::: Data records :::

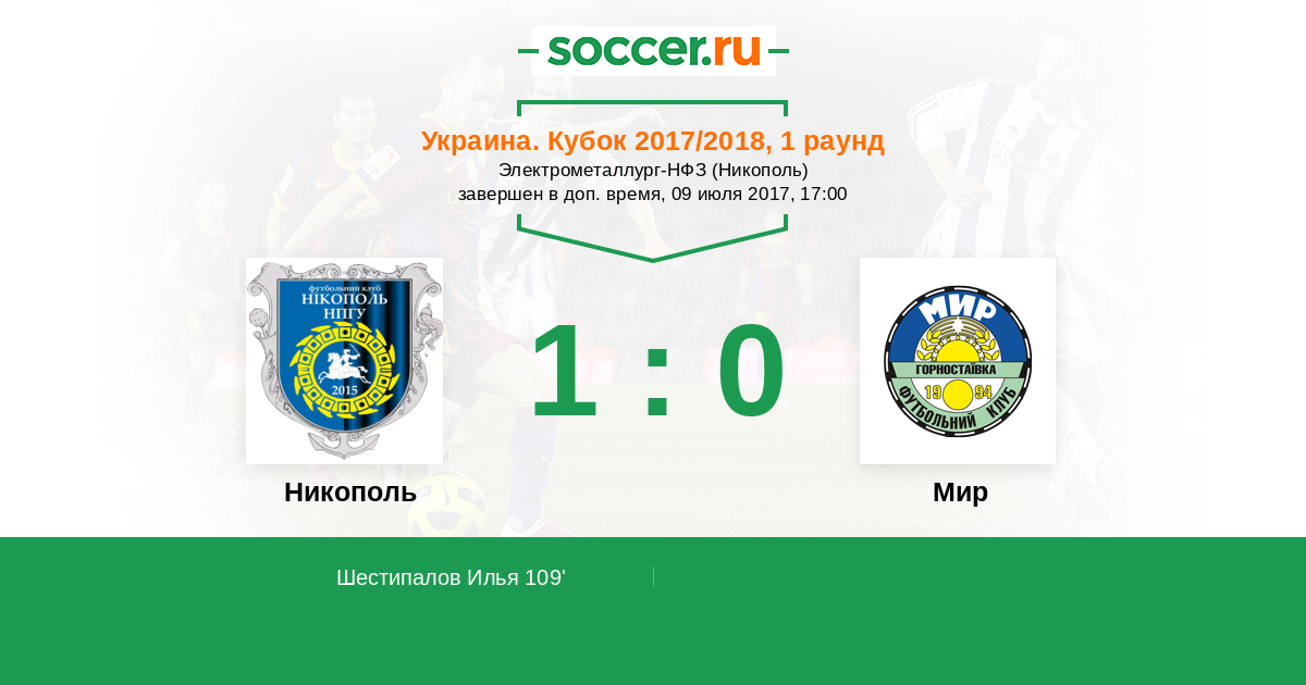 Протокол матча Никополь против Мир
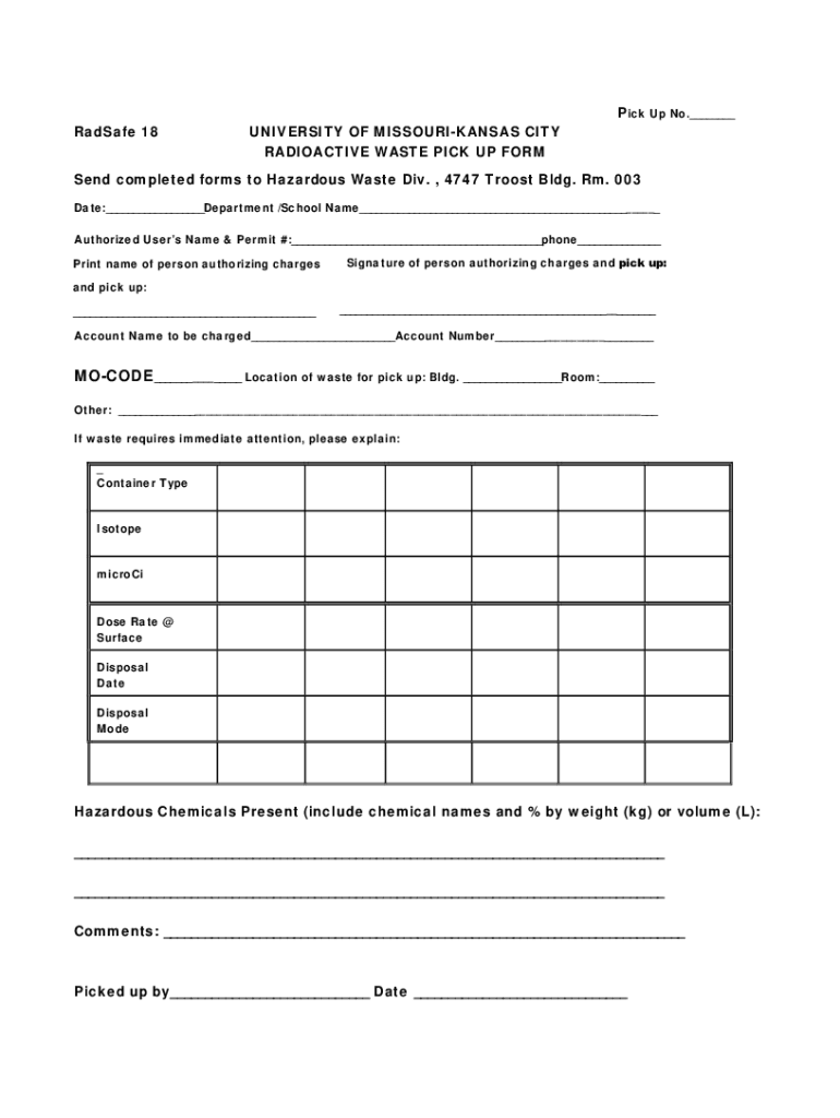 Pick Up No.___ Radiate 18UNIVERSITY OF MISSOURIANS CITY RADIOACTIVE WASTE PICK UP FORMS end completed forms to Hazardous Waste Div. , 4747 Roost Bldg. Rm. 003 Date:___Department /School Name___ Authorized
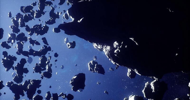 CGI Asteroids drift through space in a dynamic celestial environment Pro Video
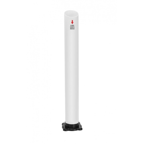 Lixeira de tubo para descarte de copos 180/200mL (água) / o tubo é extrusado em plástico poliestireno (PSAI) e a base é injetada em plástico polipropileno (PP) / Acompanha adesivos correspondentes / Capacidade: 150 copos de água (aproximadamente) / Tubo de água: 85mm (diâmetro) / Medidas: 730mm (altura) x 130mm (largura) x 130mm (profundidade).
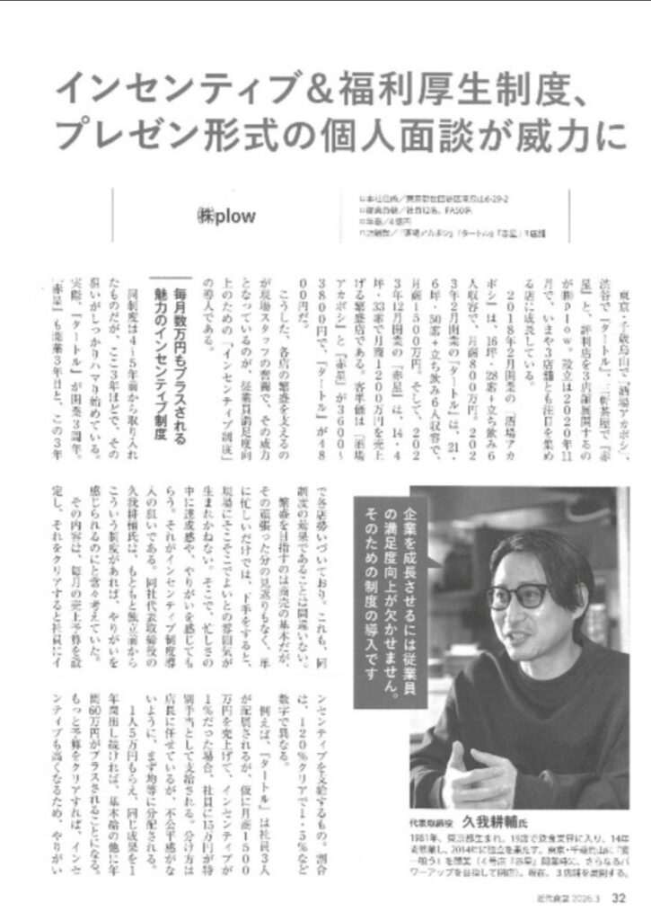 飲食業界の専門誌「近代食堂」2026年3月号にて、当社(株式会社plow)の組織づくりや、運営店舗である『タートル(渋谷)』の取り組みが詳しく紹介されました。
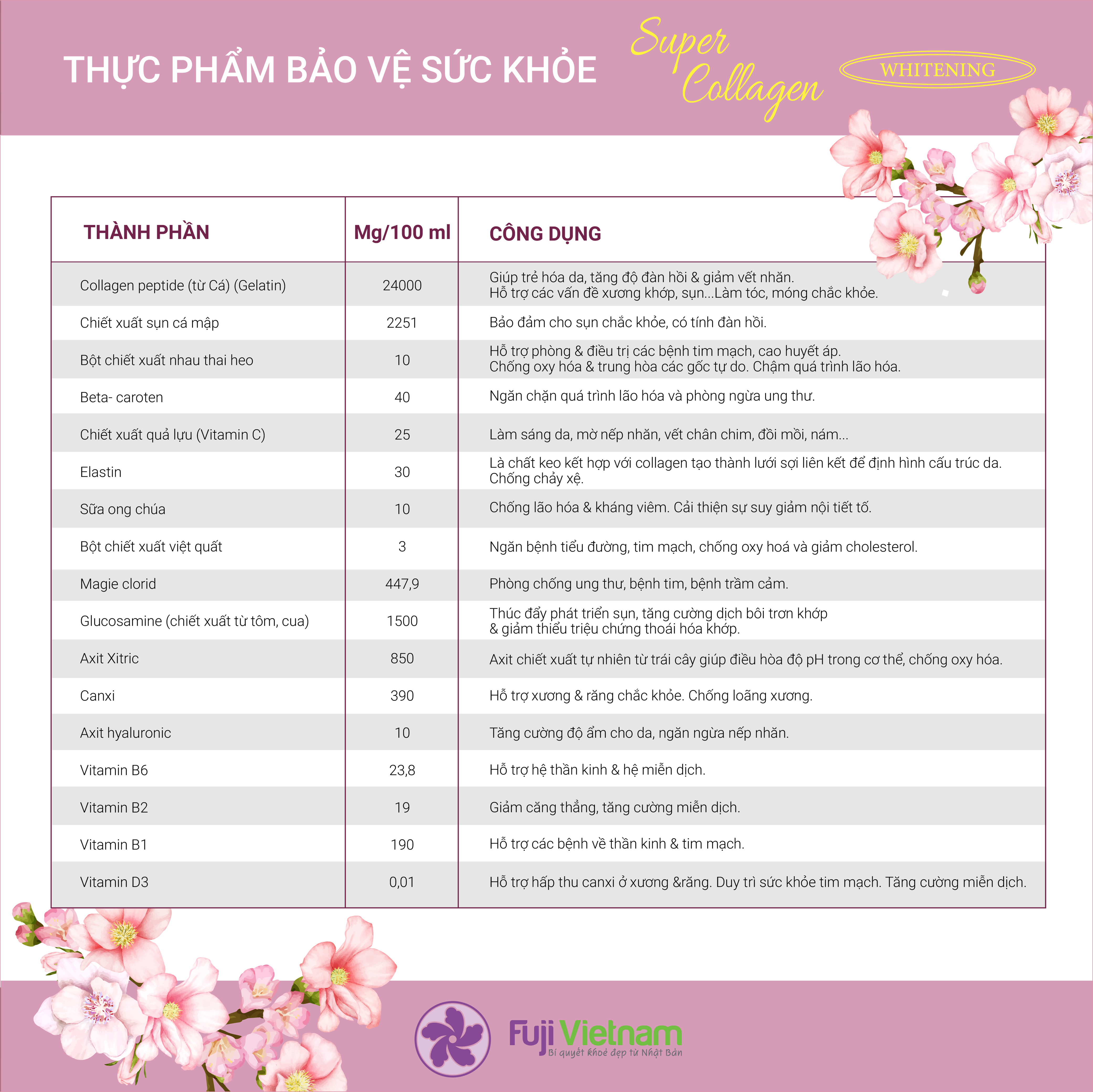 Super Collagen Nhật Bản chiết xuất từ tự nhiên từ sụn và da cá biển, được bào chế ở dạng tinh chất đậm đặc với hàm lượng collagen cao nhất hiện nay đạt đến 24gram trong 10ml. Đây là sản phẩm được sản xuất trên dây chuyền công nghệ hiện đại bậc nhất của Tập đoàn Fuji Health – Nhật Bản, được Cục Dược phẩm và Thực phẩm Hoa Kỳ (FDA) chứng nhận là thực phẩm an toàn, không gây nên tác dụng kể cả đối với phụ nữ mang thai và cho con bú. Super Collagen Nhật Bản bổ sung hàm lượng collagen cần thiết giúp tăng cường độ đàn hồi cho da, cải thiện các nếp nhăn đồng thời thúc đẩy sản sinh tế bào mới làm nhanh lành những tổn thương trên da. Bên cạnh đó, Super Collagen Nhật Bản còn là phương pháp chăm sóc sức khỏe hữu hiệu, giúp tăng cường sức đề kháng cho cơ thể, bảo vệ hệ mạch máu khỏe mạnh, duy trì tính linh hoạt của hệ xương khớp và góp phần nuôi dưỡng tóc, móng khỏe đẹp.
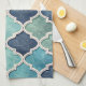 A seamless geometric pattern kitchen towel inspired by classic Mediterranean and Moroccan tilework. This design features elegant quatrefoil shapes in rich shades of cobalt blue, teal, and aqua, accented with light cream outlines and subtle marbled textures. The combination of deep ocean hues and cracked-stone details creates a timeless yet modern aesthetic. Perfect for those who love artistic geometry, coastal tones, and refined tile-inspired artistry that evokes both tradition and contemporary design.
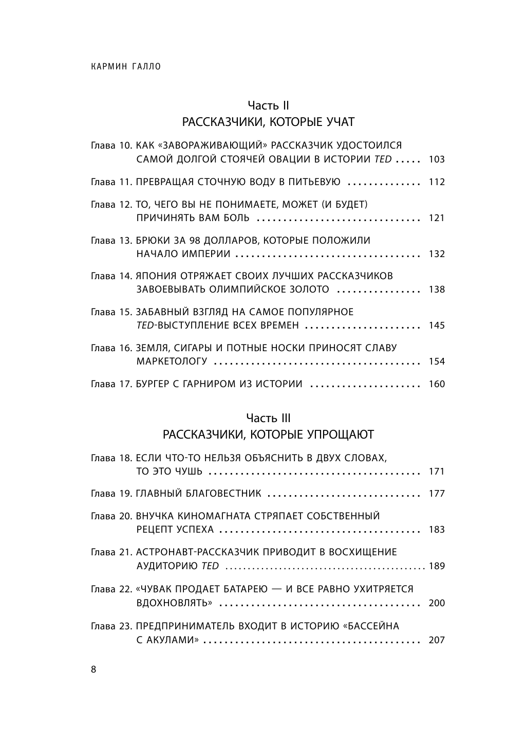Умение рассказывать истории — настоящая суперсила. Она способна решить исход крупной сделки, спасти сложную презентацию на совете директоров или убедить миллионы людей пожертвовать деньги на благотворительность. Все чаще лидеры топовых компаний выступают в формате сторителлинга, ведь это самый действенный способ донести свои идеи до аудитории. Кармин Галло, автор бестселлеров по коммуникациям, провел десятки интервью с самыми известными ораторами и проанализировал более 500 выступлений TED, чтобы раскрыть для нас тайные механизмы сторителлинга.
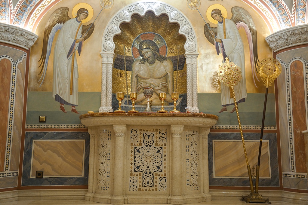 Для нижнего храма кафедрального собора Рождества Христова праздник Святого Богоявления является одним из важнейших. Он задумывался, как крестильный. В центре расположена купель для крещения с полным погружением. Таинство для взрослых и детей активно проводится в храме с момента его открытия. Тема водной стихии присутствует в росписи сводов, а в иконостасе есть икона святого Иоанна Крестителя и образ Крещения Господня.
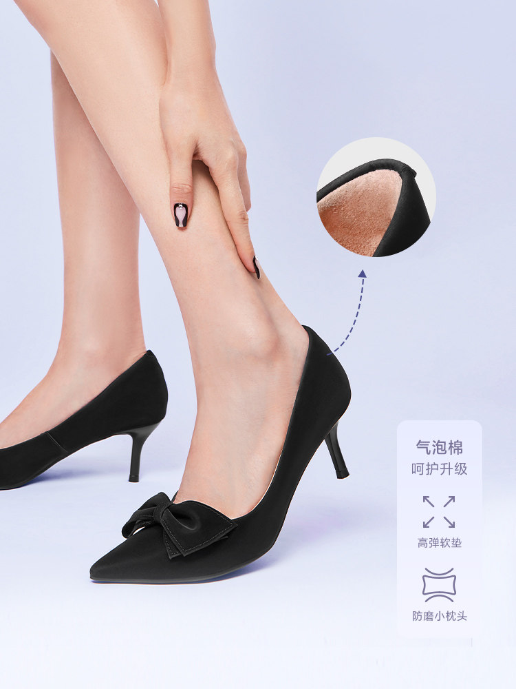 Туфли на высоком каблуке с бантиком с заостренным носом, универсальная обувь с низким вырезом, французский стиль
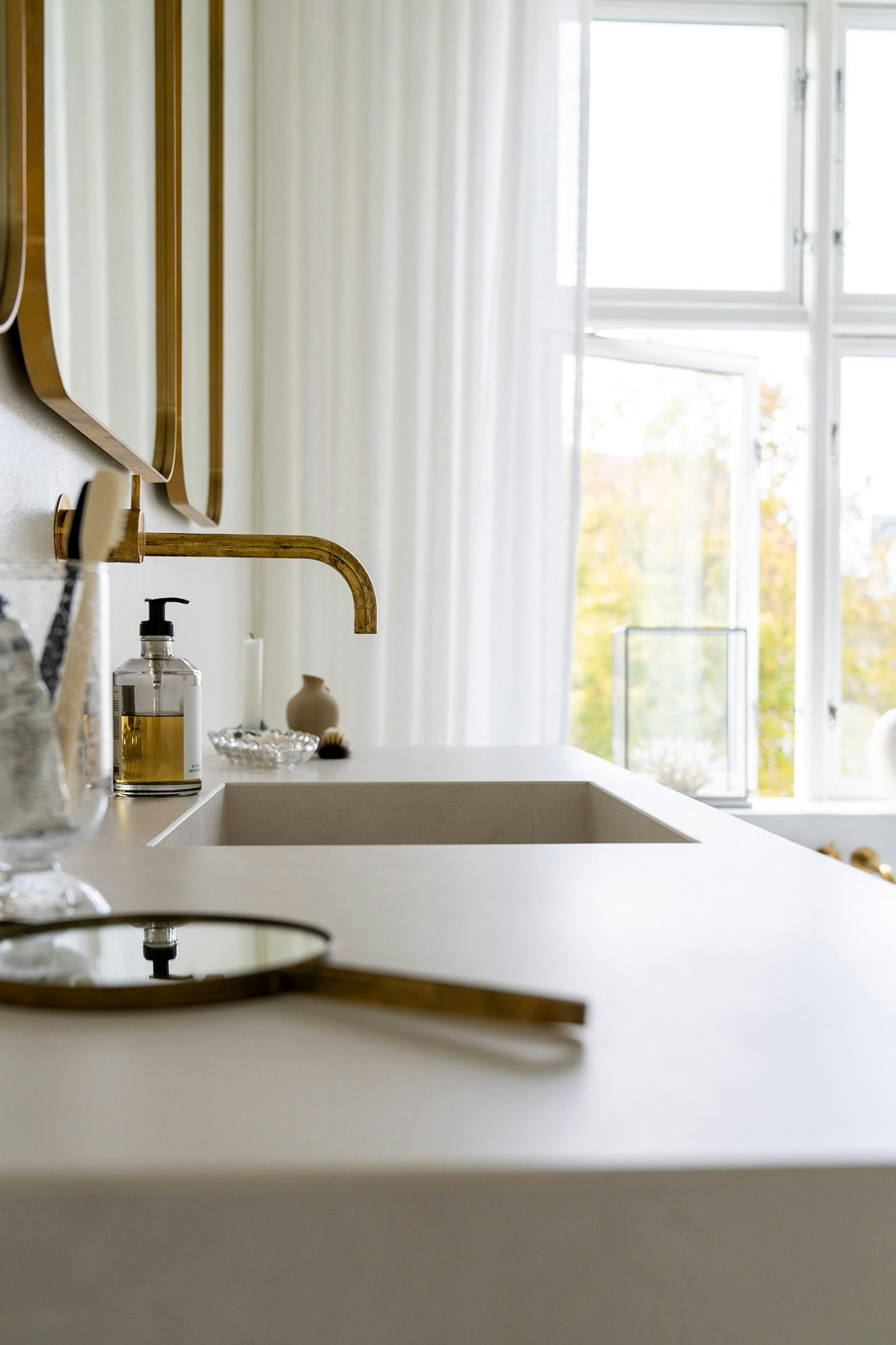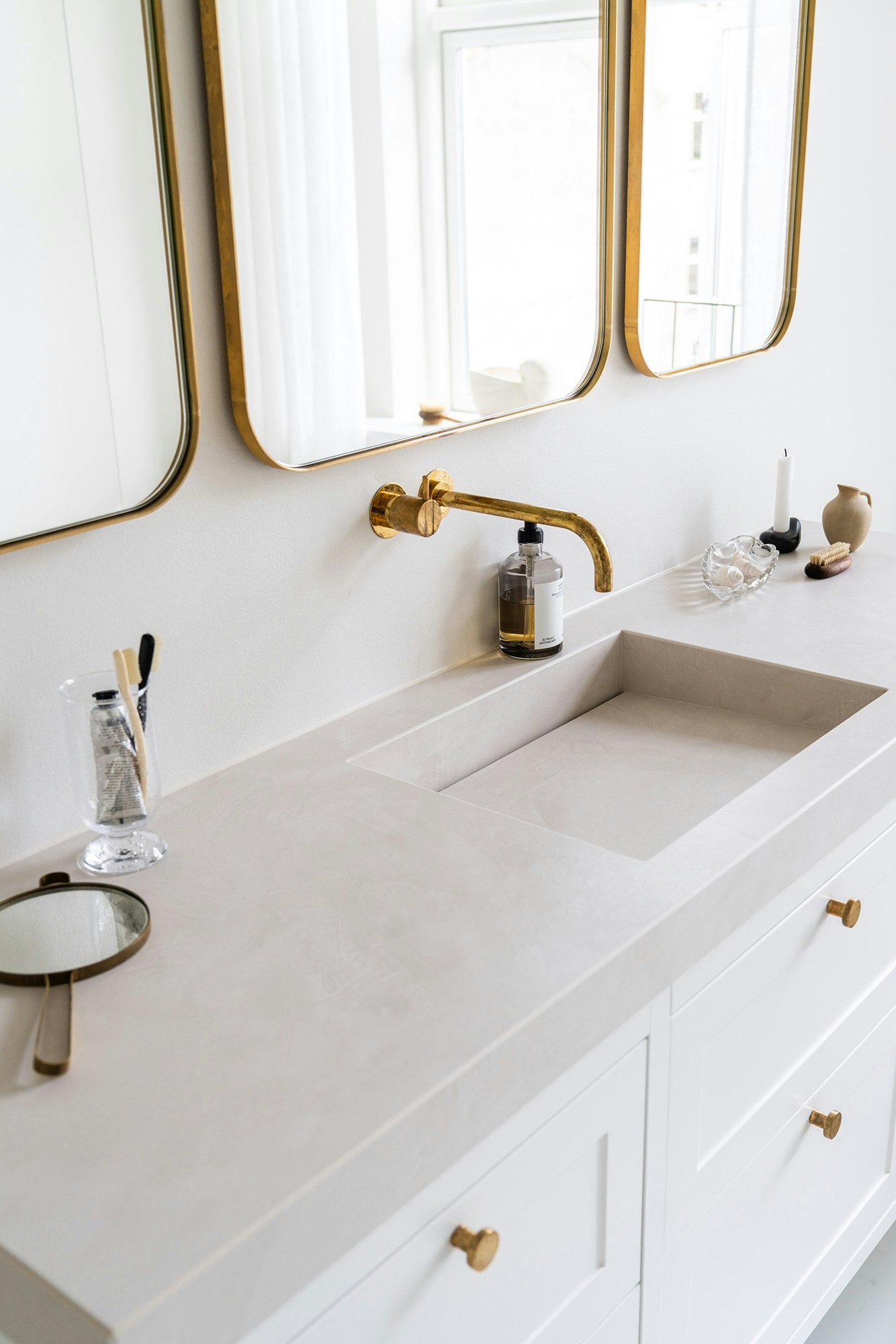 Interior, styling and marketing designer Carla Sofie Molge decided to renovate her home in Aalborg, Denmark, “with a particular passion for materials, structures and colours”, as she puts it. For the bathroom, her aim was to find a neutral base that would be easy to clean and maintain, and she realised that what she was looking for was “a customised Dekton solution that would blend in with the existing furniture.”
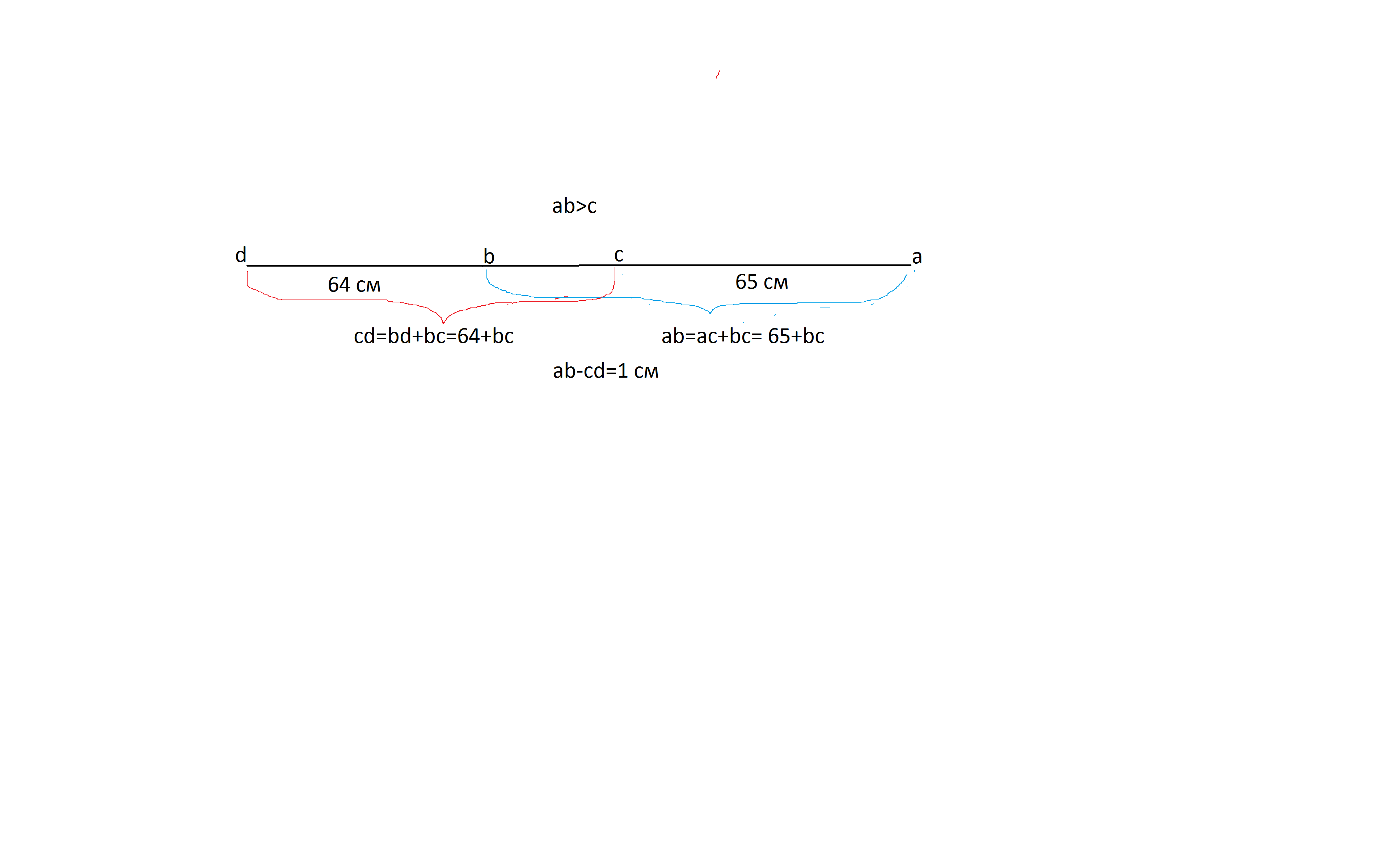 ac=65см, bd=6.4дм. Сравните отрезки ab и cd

:::

* [Activity]: The material above must be printed exactly, with its pictures left out.

* [Answer below]:
 Протокол матча Никополь против Мир
 Pick Up No.___ Radiate 18UNIVERSITY OF MISSOURIANS CITY RADIOACTIVE WASTE PICK UP FORMS end completed forms to Hazardous Waste Div. , 4747 Roost Bldg. Rm. 003 Date:___Department /School Name___ Authorized
 CGI Asteroids drift through space in a dynamic celestial environment Pro Video
 Lixeira de tubo para descarte de copos 180/200mL (água) / o tubo é extrusado em plástico poliestireno (PSAI) e a base é injetada em plástico polipropileno (PP) / Acompanha adesivos correspondentes / Capacidade: 150 copos de água (aproximadamente) / Tubo de água: 85mm (diâmetro) / Medidas: 730mm (altura) x 130mm (largura) x 130mm (profundidade).
 飲食業界の専門誌「近代食堂」2026年3月号にて、当社(株式会社plow)の組織づくりや、運営店舗である『タートル(渋谷)』の取り組みが詳しく紹介されました。
 Super Collagen Nhật Bản chiết xuất từ tự nhiên từ sụn và da cá biển, được bào chế ở dạng tinh chất đậm đặc với hàm lượng collagen cao nhất hiện nay đạt đến 24gram trong 10ml. Đây là sản phẩm được sản xuất trên dây chuyền công nghệ hiện đại bậc nhất của Tập đoàn Fuji Health – Nhật Bản, được Cục Dược phẩm và Thực phẩm Hoa Kỳ (FDA) chứng nhận là thực phẩm an toàn, không gây nên tác dụng kể cả đối với phụ nữ mang thai và cho con bú. Super Collagen Nhật Bản bổ sung hàm lượng collagen cần thiết giúp tăng cường độ đàn hồi cho da, cải thiện các nếp nhăn đồng thời thúc đẩy sản sinh tế bào mới làm nhanh lành những tổn thương trên da. Bên cạnh đó, Super Collagen Nhật Bản còn là phương pháp chăm sóc sức khỏe hữu hiệu, giúp tăng cường sức đề kháng cho cơ thể, bảo vệ hệ mạch máu khỏe mạnh, duy trì tính linh hoạt của hệ xương khớp và góp phần nuôi dưỡng tóc, móng khỏe đẹp.
 A seamless geometric pattern kitchen towel inspired by classic Mediterranean and Moroccan tilework. This design features elegant quatrefoil shapes in rich shades of cobalt blue, teal, and aqua, accented with light cream outlines and subtle marbled textures. The combination of deep ocean hues and cracked-stone details creates a timeless yet modern aesthetic. Perfect for those who love artistic geometry, coastal tones, and refined tile-inspired artistry that evokes both tradition and contemporary design.
Умение рассказывать истории — настоящая суперсила. Она способна решить исход крупной сделки, спасти сложную презентацию на совете директоров или убедить миллионы людей пожертвовать деньги на благотворительность. Все чаще лидеры топовых компаний выступают в формате сторителлинга, ведь это самый действенный способ донести свои идеи до аудитории. Кармин Галло, автор бестселлеров по коммуникациям, провел десятки интервью с самыми известными ораторами и проанализировал более 500 выступлений TED, чтобы раскрыть для нас тайные механизмы сторителлинга.
 Для нижнего храма кафедрального собора Рождества Христова праздник Святого Богоявления является одним из важнейших. Он задумывался, как крестильный. В центре расположена купель для крещения с полным погружением. Таинство для взрослых и детей активно проводится в храме с момента его открытия. Тема водной стихии присутствует в росписи сводов, а в иконостасе есть икона святого Иоанна Крестителя и образ Крещения Господня.
 Туфли на высоком каблуке с бантиком с заостренным носом, универсальная обувь с низким вырезом, французский стиль
 Interior, styling and marketing designer Carla Sofie Molge decided to renovate her home in Aalborg, Denmark, “with a particular passion for materials, structures and colours”, as she puts it. For the bathroom, her aim was to find a neutral base that would be easy to clean and maintain, and she realised that what she was looking for was “a customised Dekton solution that would blend in with the existing furniture.”
 ac=65см, bd=6.4дм. Сравните отрезки ab и cd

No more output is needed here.